For the woman tho that was a different story...they could choose to be single while we were gone and I might add under almost unbearable stress. So many cheats and sluts in this world who decided to be pin cushions while hubby or fiancé was away eating cold C-rats in a hole during a monsoon or whatever It was always too hot or too wet or, believe it or not cold. While the women partied oblivions to our plight...that somehow was being done for their benefit...as well as all those deferred or 4-F boys there is no way to explain or understand, we didn't ourselves, the adrenalin in our bodies and brains. Many good men are dead or behind bars cuz the betrayal became exquisitely painful and manifested itself in a way that we were familiar with. and dealt with. Eliminate the enemy, the women. Never again trust the side kick or any other woman. Had I not served I think it would be fair to say that I would be chasing and bedding the women just like the college or 4-F guy. They really didn't have a clue how deep our anger was and the women didn't seem to care.

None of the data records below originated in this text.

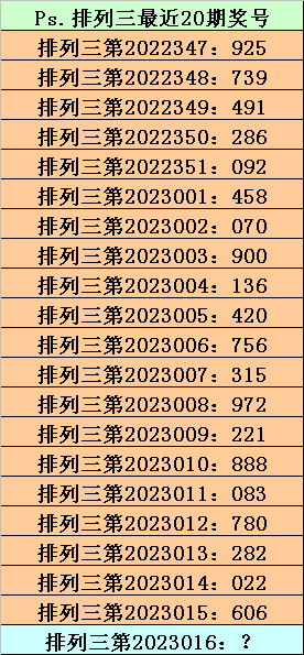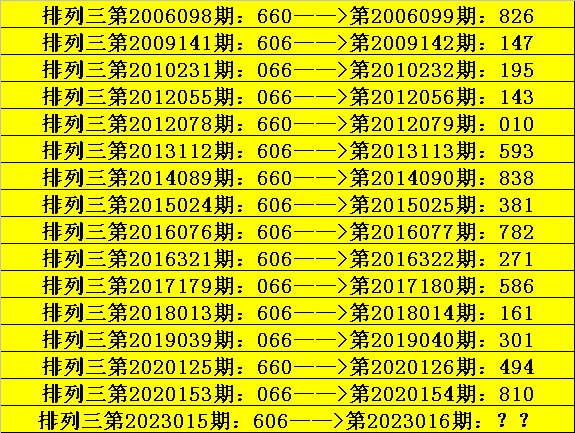 第2023015期排列三奖号为606,历史上该号码组选开出16次,下期奖号分别为:826、147、195、143、010、593、838、381、782、271、586、161、301、494、810。
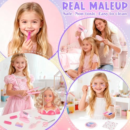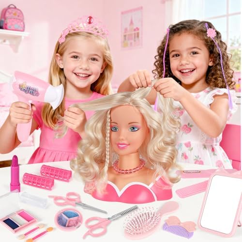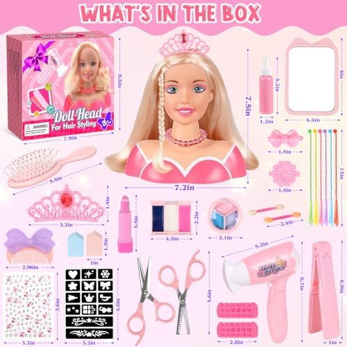 KUBUSFLY 44Pcs Hair Styling Doll Head Toys for Girls, Kids Makeup Hair Salon Pretend Play Styling Kit with Hairdryer, Straightener, Beauty Hair Toy Christmas Birthday Gift for Toddler Girls 3 4 5 6+
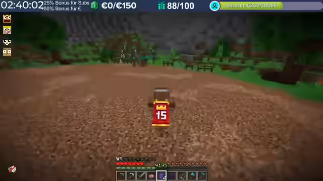 02:40:40Es gibt einen neuen Villager und Equipment wurde zusammengesammelt. Der Wald, der von den Teilnehmern gebaut wurde, wurde in eine Ressource umgewandelt, ähnlich einer Mine. Spieler können nun Dark Oak abbauen und ernten, um XP und Level zu erhalten. Es ist kein Anpflanzen oder Wachsenlassen von Setzlingen erforderlich, sondern ein automatisiertes System, bei dem man einfach ernten kann. Diese Ressource bringt sehr gute Level. Es wird überlegt, ob es im Mai zwei Server geben soll, abhängig von der Anzahl der Anmeldungen. Spieler können dann zwischen einem Server für schnelles Freischalten und einem für langsames Freischalten wählen. Die Dimensionen Sky, Stone oder Ocean stehen zur Auswahl, wobei Ocean am Anfang schwieriger ist. Es wird auch überlegt, ob Hasenblick als Belohnung für eine Questreihe geben soll, wo man einen Pattern bekommt, zum Beispiel im Dorf oder im Krankenhaus.
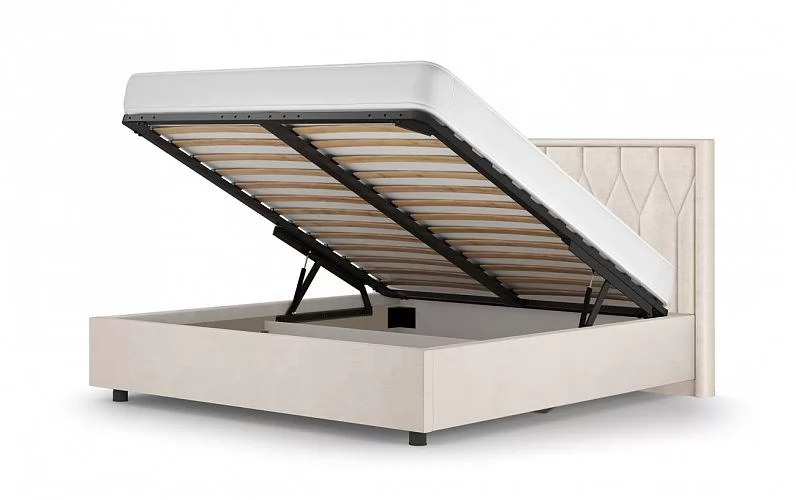 Каркас кровати выполнен из ЛДСП, особую прочность кровати придает металлический держатель основания из стали 2 мм. Подъемное основание оснащено надежным газлифтом.

Never hit a woman...apparently the mantra of today. Never hit a woman...such a privileged thought. Sure wasn't the case over there. Woman could and did kill some of us sometimes using their feminine charms as bait for the unsuspecting. Women are as capable (and colder) of killing us but somehow even that was cleaner than coming home and finding your wife or fiancé in bed with another man, or men. The red rage is often uncontrollable. The woman says things like "it's not what it looks like or "I can explain" ect. They do not have my respect.

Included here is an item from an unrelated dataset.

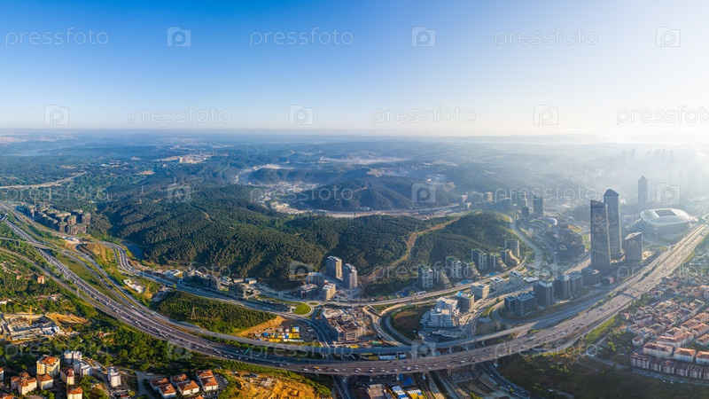 Стамбул, Турция.Панорама города сегодня утром.Небоскребы и жилые районы.Шоссе.Вид с воздуха
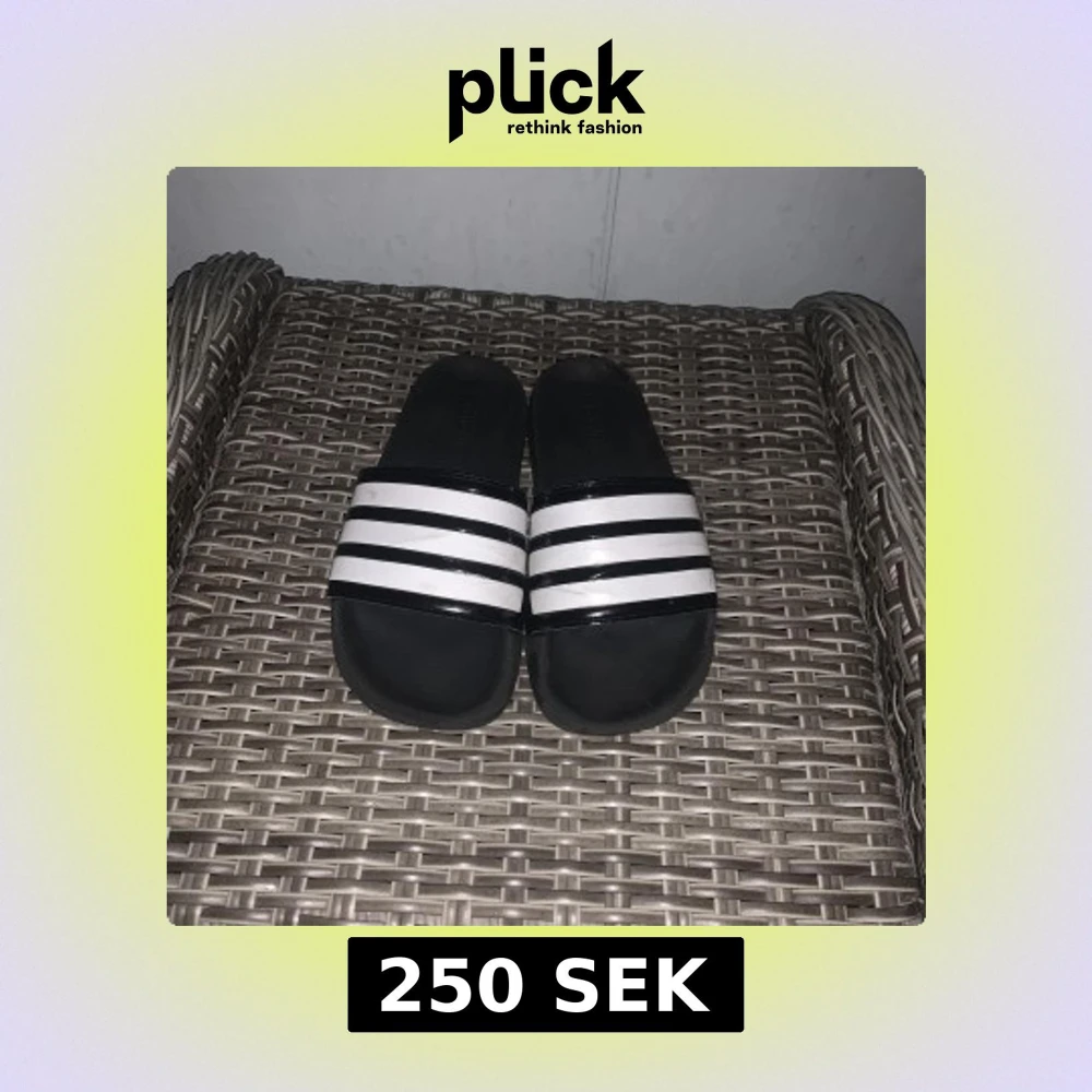 Svarta och vita Adidas tofflor

4 marriages and 50 some years later I still don't trust them and have found they have changed little from 50 yrs ago. For me, its love 'em and leave 'em. That's the way it is. In the words of Catullas "The words of a woman spoken in love ought to be written on the wind or on the swirling waters"
So that's where it left me...supposedly for ye. Who do I get to thank? I guess I can't resist it....Thanks Obama! (I really think he did a great job over all.)
Brenda at the time of the party was married to dough but 6 months later when she screws the protagonist she says she is getting married..when did she get divorced?
It brings out the worst in all humans. My mother told me of females spitting on 4F males who the military rejected for being cowards Meanwhile itchy wives, unlike their husbands and boyfriends, did not go without. Meanwhile on the ship or in camp someone who got off and we're exposed got a blanket party. A piss hard in the bathroom get you killed
Wait until you have written a story before you post. This is a "slice of life" bit that does not quite cut the mustard. 3*
Not a well constructed tale. It doesn't really qualify as a complete story, more like a vignette of an incident.
War and deployment are not friends of lovers. The stress and worry has destroyed innumerable relationships.
Your story was a great example of just telling the truth. Too bad the mental midgets could not see beyond their masturbation fantasies and understand what you wrote.
didn't end well
least we don't live in the same town :)
I have a lot of dreams too , but these days they don't end that well.
Two years later, I ran into Brenda again. We chatted, and I asked her how her marriage was going. She said she was divorced. Seems her husband kept his girlfriend after he married Brenda.
She asked me if I was still interested. I suggested dinner. Three years later, we're still an item. But there's no way in hell I'm marrying her.
She blew that up when she cheated with me on her fiance. FWB, not a problem. But no nupuals. Not now. Not ever.